Домициан слушал его, крепко прижав вздернутую верхнюю губу к нижней, что придавало его лицу выражение напряженного внимания. Он терпеть не мог Клавдия Регина, но, несомненно, лучшего знатока в экономических вопросах не сыщешь. Не прошло и десяти минут, как Домициан решил последовать его совету и в этом деле.

Приняв решение, он почти не слушал дальнейший доклад, и его мысли отвлеклись в сторону.

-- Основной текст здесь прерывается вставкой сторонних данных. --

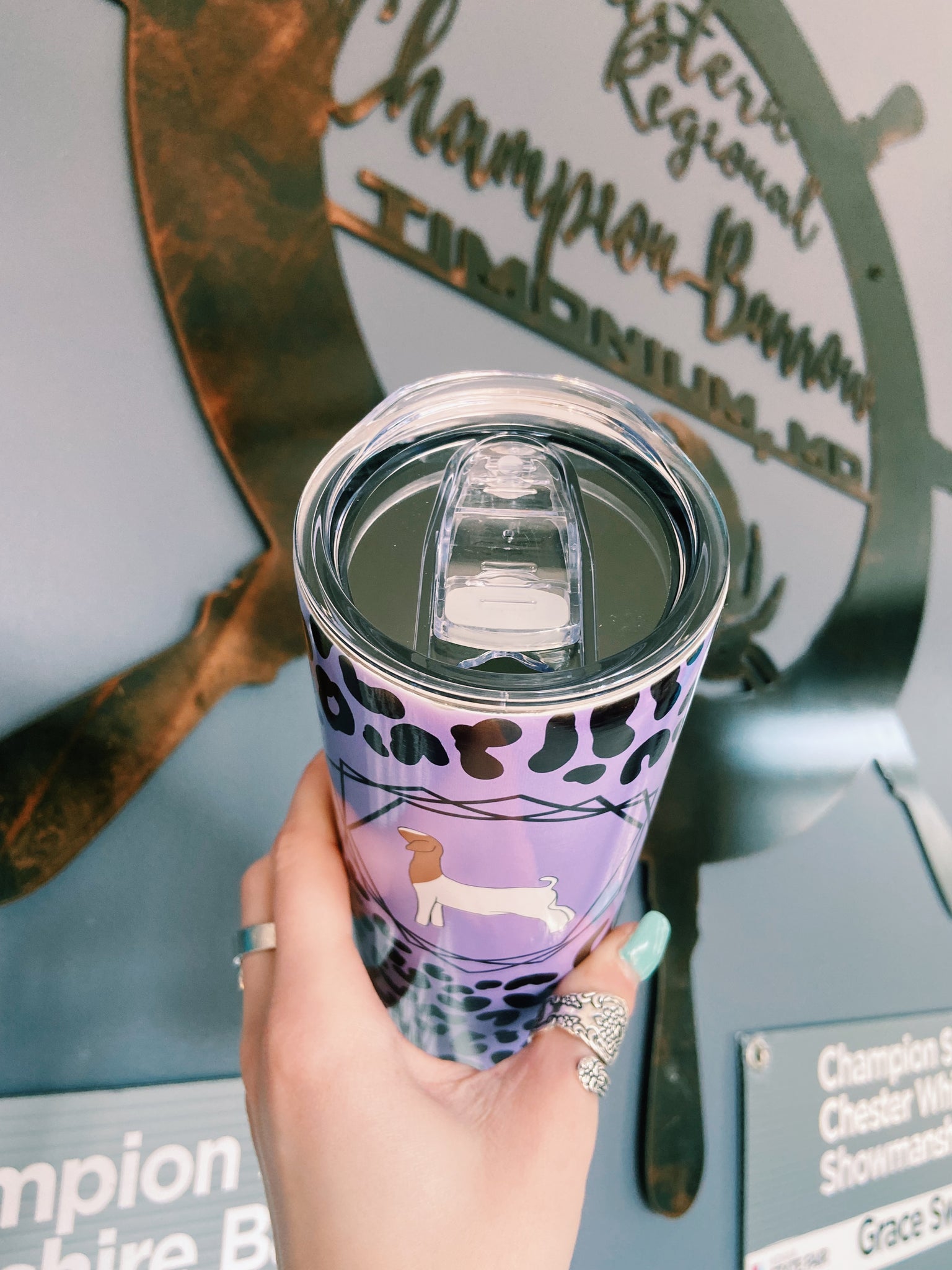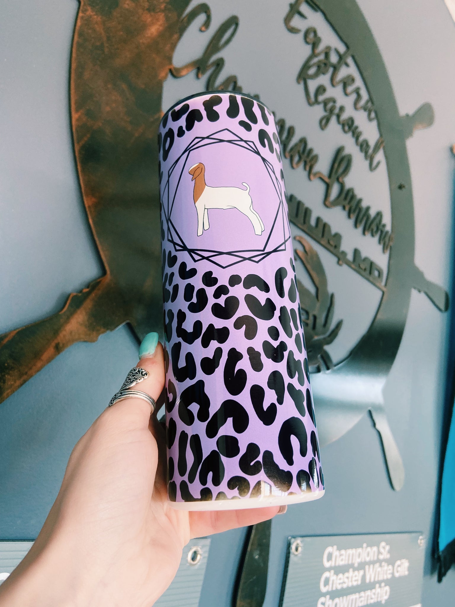 super cool 20 ounce purple cheetah print goat skinny tumbler. these are perfect for keeping drinks hot & cold all day and come with a reusable straw!

Как противно, в сущности, что приходится тратить столько времени с людьми, подобными Регину. Но они необходимы для управления, его отец это хорошо знал, почему и связался с полуевреем, и он, Домициан, имел теперь все основания выработать себе определенный план на тот период времени, когда сам станет императором. Сведения о здоровье его брата, которые он получает окольным путем, через Марулла, доказывают, что подготовиться уже давно пора.

Он улыбается, вспоминая, как меньше полугода назад тщательно разработал проект бежать из столицы, в которой его удерживала подозрительность Тита, в Галлию или Германию и заставить тамошний военный корпус провозгласить его императором. Теперь он может покончить с подобными фантастическими проектами, престол ему обеспечен. Впрочем, удивительно, что с тех пор, как у него появилась эта уверенность, детали, которые раньше ему казались скучными, вызывают в нем серьезный интерес. Вместе с растущей уверенностью, что он будет императором, в нем просыпается унаследованная от отца любовь к организации, и когда он выслушивает доклады Анния Басса о военных делах, доклады Марулла о делах политических, даже когда говорит с противным Регином об экономических вопросах, он яростно спорит по поводу каждой частности их сложных выкладок.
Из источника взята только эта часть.